Question

In the experiment to determine the internal resistance of a cell ($E_1$) using potentiometer, the resistance drawn from the resistance box is $R$. The potential difference across the balancing length of the wire is equal to the terminal potential difference $(V)$ of the cell.
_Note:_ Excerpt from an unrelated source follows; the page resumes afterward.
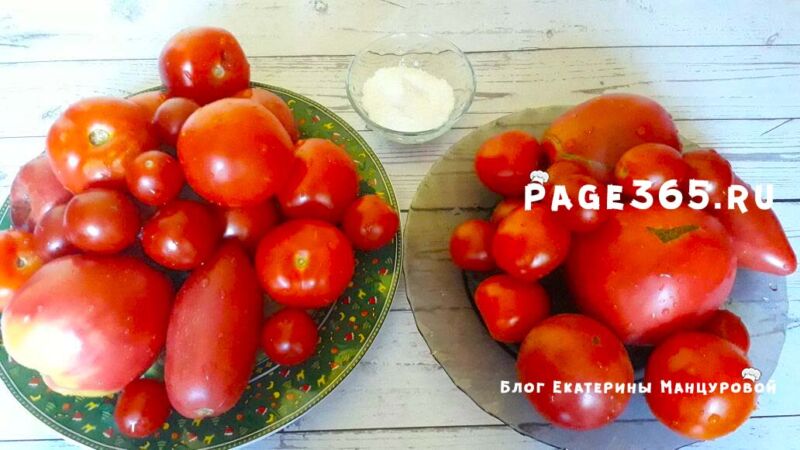 Итак, нам понадобится два вида помидор. Первые мы будем консервировать – они должны быть небольшие, аккуратные и плотные. Прекрасно подойдут засолочные сорта (сливка, например).
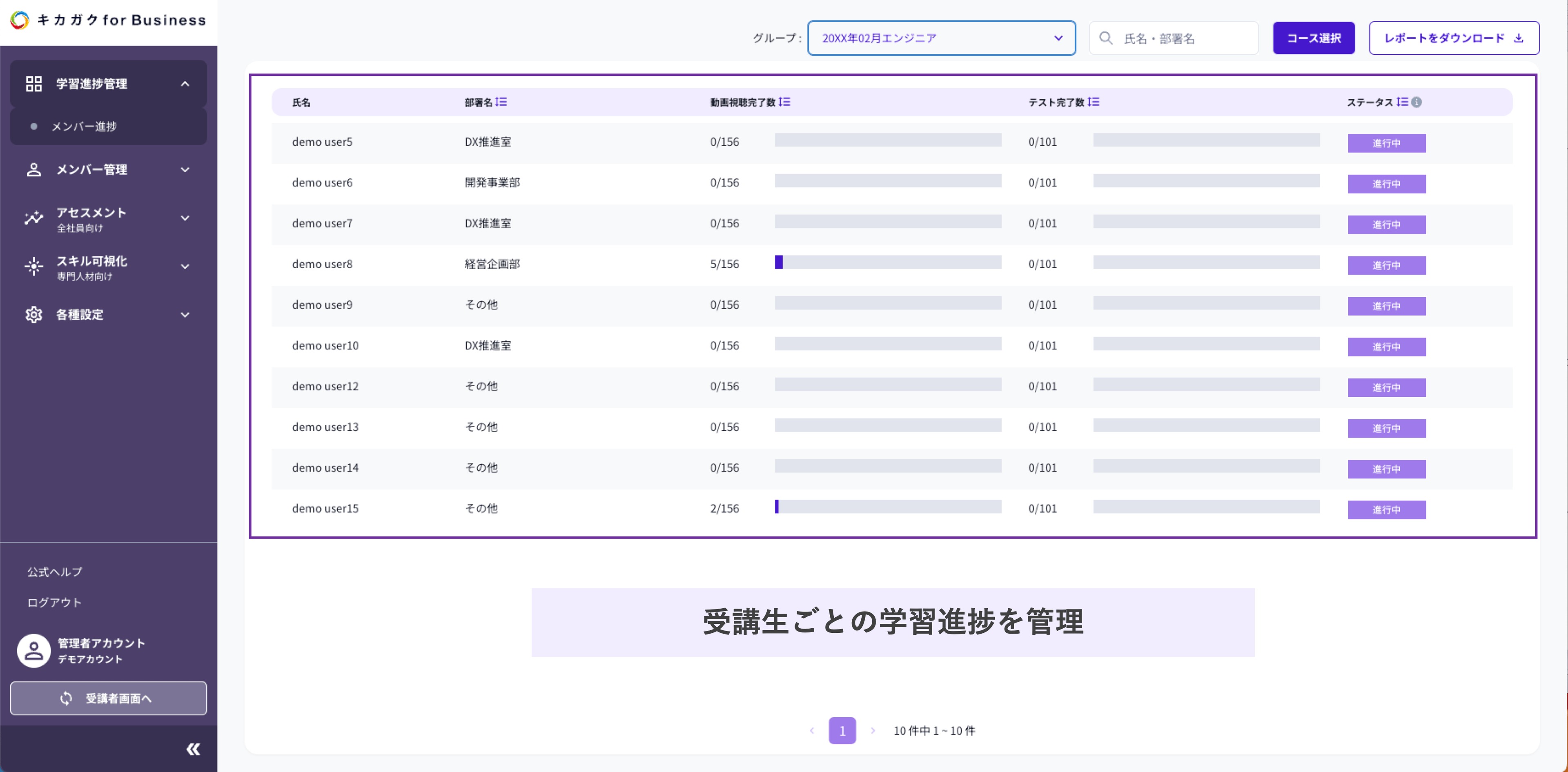 ただし、管理者にとってのキカガク for Business の魅力は学習進捗管理だけでなく、次のアセスメントにあります。

The value of internal resistance $(r)$ of the cell is

• A. $R\left(\dfrac{E_1}{V}+1\right)$
• B. $R\left(\dfrac{V}{E_1}-1\right)$
• C. $R\left(\dfrac{V}{E_1}+1\right)$
• D. $R\left(\dfrac{E_1}{V}-1\right)$

Hint:

In potentiometer experiments, EMF is measured without current, while terminal voltage is measured when current flows.

Answer 1

The Correct Option is D

Step 1: Relation between EMF and terminal voltage.
For a cell with internal resistance $r$ and external resistance $R$: \[ V = \frac{E_1 R}{R + r} \]
Step 2: Rearranging the equation.
\[ \frac{E_1}{V} = \frac{R + r}{R} \]
Step 3: Solving for internal resistance.
\[ \frac{E_1}{V} = 1 + \frac{r}{R} \] \[ r = R\left(\frac{E_1}{V} - 1\right) \]
Step 4: Conclusion.
The internal resistance of the cell is $R\left(\dfrac{E_1}{V} - 1\right)$.